What to Do About Coughing After Eating
Fortunately exists is a lot you can do to reduce coughing after eating. Your doctor might prescribe some medication to assist manage the thickness of phlegm and any heartburn that may be happening, or might guide you to attempt some OTC remedies first. That helps to get the phlegm under control, but then you have to do the following to actually get the condition under control.
- Slow down – Teach yourself to eat more slowly. Use smaller bites and chew the food longer to help make it easier to swallow and absorb. Make sure you are taking small sips of water as you eat too.
- Prevent foods that seem to make it worse – Keep track of which foods seem to cause more of a problem and prevent them. Sometimes level of sensitivities or allergies to specific foods or spices can be a contributing cause.
- Eat healthy – Strive for a healthier and more well balanced diet. Prevent processed foods, salt, and sugar. This will help care for any allergies and nutritional imbalances that can be the cause of the problem, it will also boost your body immune system too.

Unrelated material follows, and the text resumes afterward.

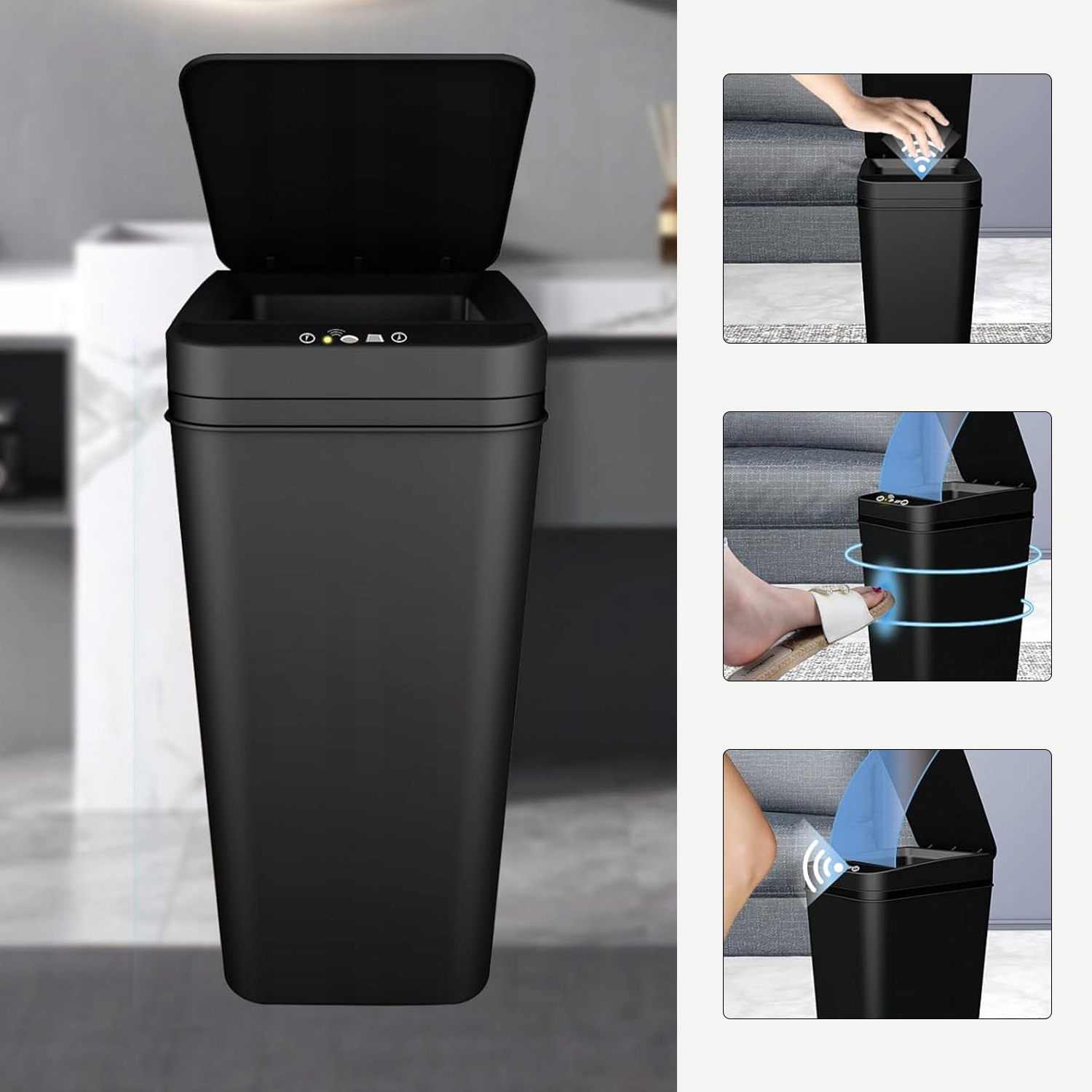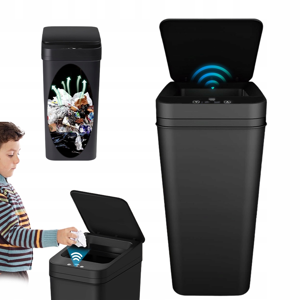 - В мусорном баке с датчиком движения используется передовая технология автоматического обнаружения.

- Breathe warmed air – Take hot showers and breathe in the air, use an air vaporizer and sit so you can breathe the mist, cup your turn over your mouth and nose and take several deep breaths – anything to warm the air you are breathing. Warm air can reduce the phlegm response.

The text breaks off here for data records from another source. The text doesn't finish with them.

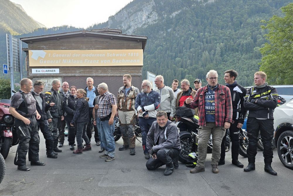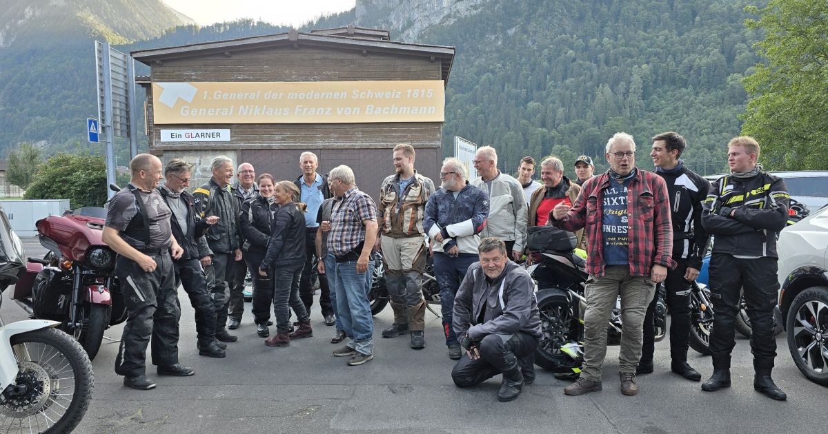 Aufgestellte Schreiner-Motorradfahrerinnen und -fahrer beim abschliessenden Gruppenbild im Glarnerland. Bild: PD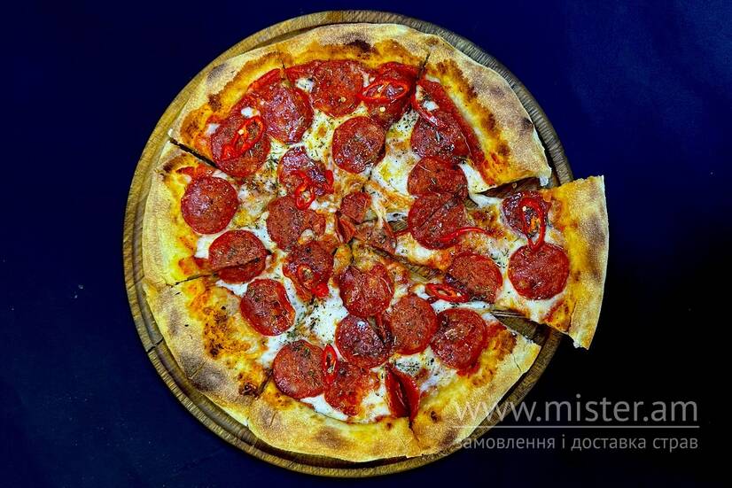 Соус, сир моцарела, папероні, перець чілі, орегано.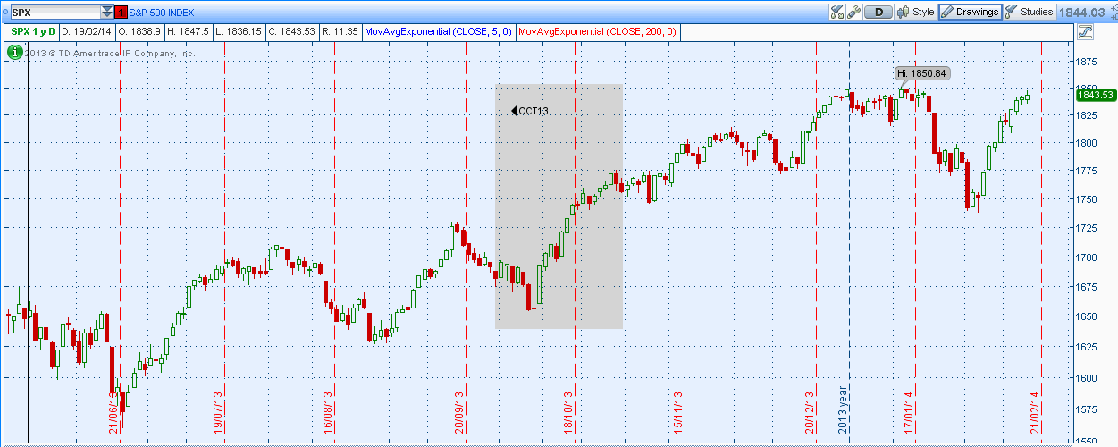 El mes alcista elegido es el mes de octubre del 2013 con una subida del 4.45% para el SP500 (y del 4.46% para el SPY), y que podemos clasificar como alcista ya que es superior al 3%. Las características de este mes son subida de precios (interesa delta positivo), caída de volatilidad implícita de las opciones (interesa vega negativo) y tienes 23 sesiones (interesa theta positivo).

- Keep your throat moist – Drink teas and warm liquids throughout the day to keep your throat moist. A dry throat can cause phlegm overproduction and a raspy cough.
What Others Have Experienced
It is exceptionally essential that you see a doctor as soon as possible if you are experiencing coughing after eating. The potential for this to be a symptom of a high risk issue is terrific and the earlier you can be detected and treated the better. Here are two cases of individuals who had comparable symptoms and how they managed it.

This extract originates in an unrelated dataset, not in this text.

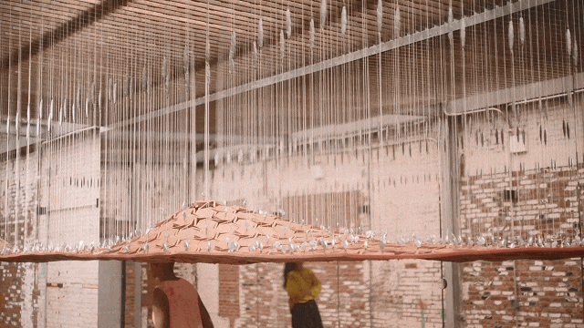 这是一道长17m的动力墙装置,由再生塑料搭配弹簧骨架组成,当你穿过装置时,它会随着你的运动轨迹弯曲变化、膨胀起来。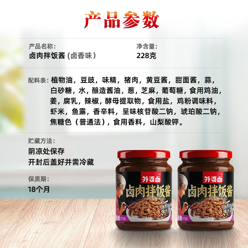 外婆卤肉拌饭酱228g 2猪肉酱原味香辣组合拌饭酱拌面调料下饭酱料

“I had no concept what was going on for a long period of time, except that things were worsening and I was having more and more of a difficult time eating and breathing. It began with what I thought was post nasal drip. I tried OTC remedies and my doctor even prescribed some medication to try and eliminate the constant thick, stringy mucous I had at the back of my throat. When I spoke it seemed like I had a frog in my throat too. I didn’t believe it was anything serious as I had actually just moved from Southern California to Colorado and chalked it up to a change in environment. I didn’t have any tests done because I told my doctor what I thought it was rather than ask him what it could be a symptom of. It’s dreadful. I always feel like something is stuck in my throat. Now, I have had several tests and been to see professionals. They have diagnosed me with having a hiatal hernia and reflux. The heartburn is horrible. I am on medications that help, but there is still the things in my throat. I cannot swim or enjoy the hot tubs as I now have respiratory concerns too and the heat just makes it difficult to breathe.”
“For me, there might be a possibility a part of my problem is I have heartburn. That would be unusual given that I am not one to obtain heartburn frequently and when I do have a bout some nonprescription stuff takes care of it. The concern for me is all the phlegm and mucous. It’s all over and nothing appears to stop it and absolutely nothing I try appears to make it much better. I haven’t been to a doctor about it yet, I believed I would try posting online to see if anybody has a solution first. It’s like I am constantly crowded – everywhere. I have phlegm in my lungs, chest, throat and it worsens when I eat. There is a lot phlegm when I eat I have an actually hard time breathing. I do not know what it is however I am beginning to believe I have to see a professional about this, however I am just uncertain which sort of specialist to go too and am hoping someone here can help.”